There is a lot going on in my world, just like most people out there. The difference is that I can't keep up now that I have RA. My daughter is graduating from college, which entails a move. One of my best friends is getting married. This is the busy time of year at work. Then my daughter calls last week and announces that she is engaged and we recieved an invitation to a b-day party this weekend. I know I am blessed and don't want to tempt fate by complaining because I think after 4 and 1/2 months on Plaquenil it may be working. I feel much less miserable and am afraid that if I do everything I would "normally" do, it will come back. Is there a way to gracefully manage all of this or will people just eventually stop inviting me or asking me to do my magic coordinating?
I'm so tired, please bear with me. Any advice would be appreciated.


First of all, I think what you are describing is referred to as "fear avoidance" which can keep chronic pain suffers from doing activities they fear will make their symptoms worse. The problem is that if left unchecked (or rather, untested), this type of avoidance can actually lead to worse disability.
Now, having said that, it is important for us to know our limitations. The way to know them is to a) ask our doc, and b) find out the hard way! I am always learning my limitations, as they change so much!! Just reading all the stuff you have coming your way, I get exhausted! I imagine you are feeling the same dread.
One thing I have learned is that sometimes, if something is important to me or my loved ones, I have to suck it up and go for it...and pay later. I try to schedule in the "pay out" time when I have to do more things than normal. If, for instance, I have company coming in from out of town, I plan ahead, rest ahead, and plan for rest each day. Then, I plan for downtime after all the festivities. It's all about priorities.

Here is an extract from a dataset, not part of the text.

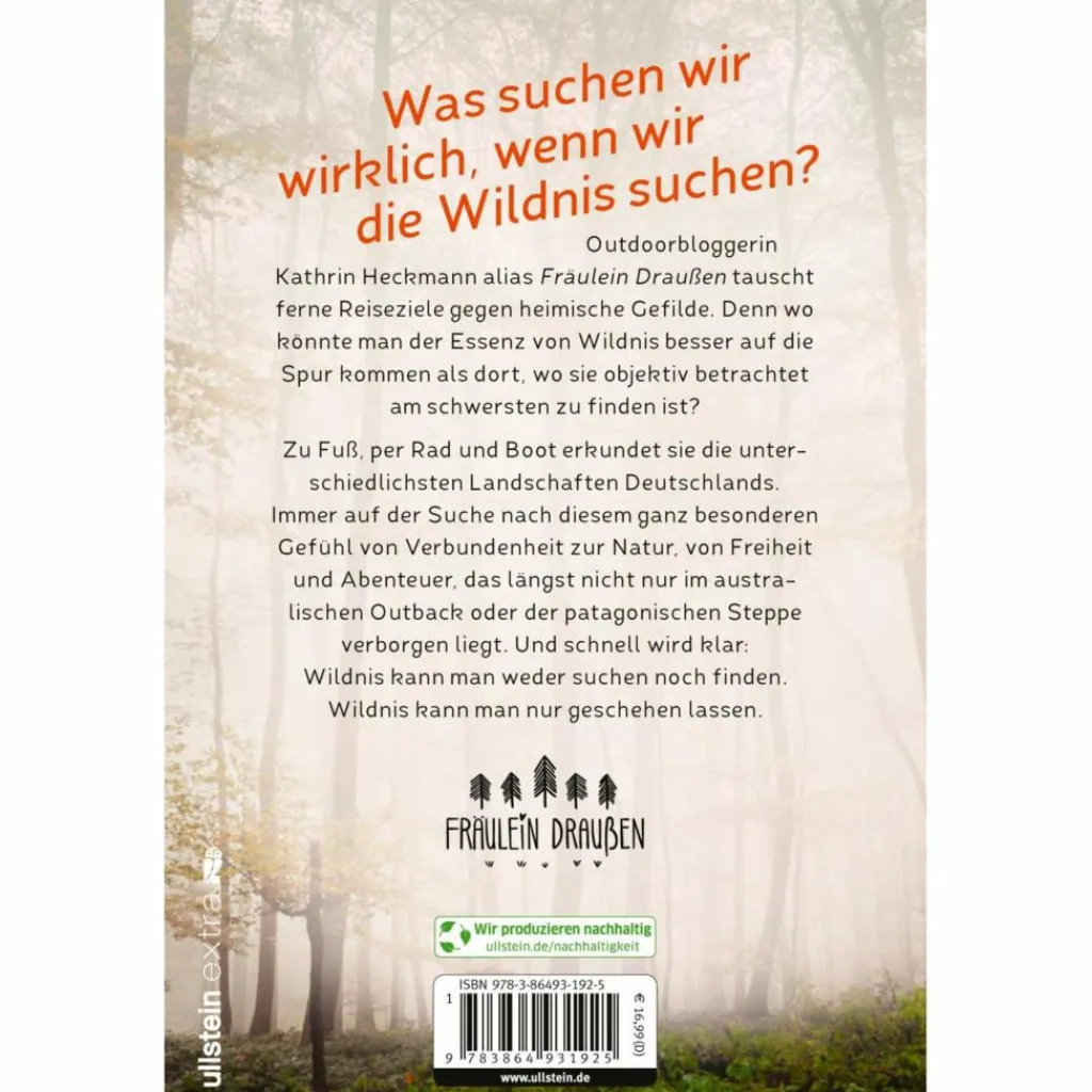 Die Sehnsucht nach Wildnis zog Kathrin Heckmann alias Fräulein Draußen jahrelang raus in die Welt. Aber muss man wirklich weit reisen, um die Wildnis zu spüren? Um das herauszufinden, tauscht Kathrin ferne Reiseziele gegen heimische Gefilde. Denn wo könnte man der Essenz von Wildnis besser auf die Spur kommen als dort, wo sie objektiv betrachtet am schwersten zu finden ist? Zu Fuß, per Rad und Boot erkundet sie die unterschiedlichsten Landschaften Deutschlands.

Also, I am the worst at getting ahead of myself. I get stressed about things that are going to happen way before they happen! Try to stay in the moment, prioritize your energies, and allow time in your scheduling to account for unforeseen physical reactions (like going to a wedding, but skipping the reception because you slipped off your shoes in the car and can't get them back on your swollen feet!).

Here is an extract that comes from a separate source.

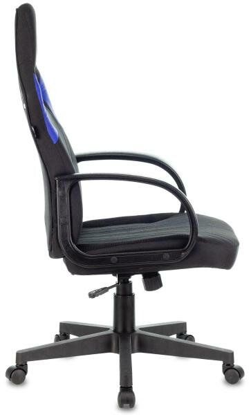Лучшие цены. Тип: Кресло для геймеров; Материал обивки: ткань, искуственная кожа; Цвет обивки: чёрный, синий; Подлокотники: да; Механизм качания: с фиксацией в вертикальном положении; Регулировка по высоте: газлифт; Вращение по горизонтали: да; Основание: крестовина с колёсиками; Ограничение по весу: 120 кг; Дополнительно: Механизм качания с регулировкой под вес и возможностью фиксации в рабочем положении, Регулировка высоты (газлифт). Магазины в вашем городе.

Prioritize. Delegate. Learn to say no, but take the chance on saying yes if it is really important!
Thank you for the encouragement to reach past my fear and experience some major milestones in my loved ones lives. I avoid certain activities also because I don't want to explain that I can't go any more, that I've "hit a wall". The pain is easier to get used to than the looks on people's faces when I remind them that I'm kinda sick. I can't blame them for wanting to believe that I'm fine now, because I want to believe that more than anything.
You reminded me that life isn't either all good or all bad. I'll enjoy as much of the upcoming preparations and festivities as I can, which in the end will be much better than bowing out and not participating at all. Thanks too for reminding me to pay attention to my limitations and build in time for rest. So many details. RA takes more planning than any party!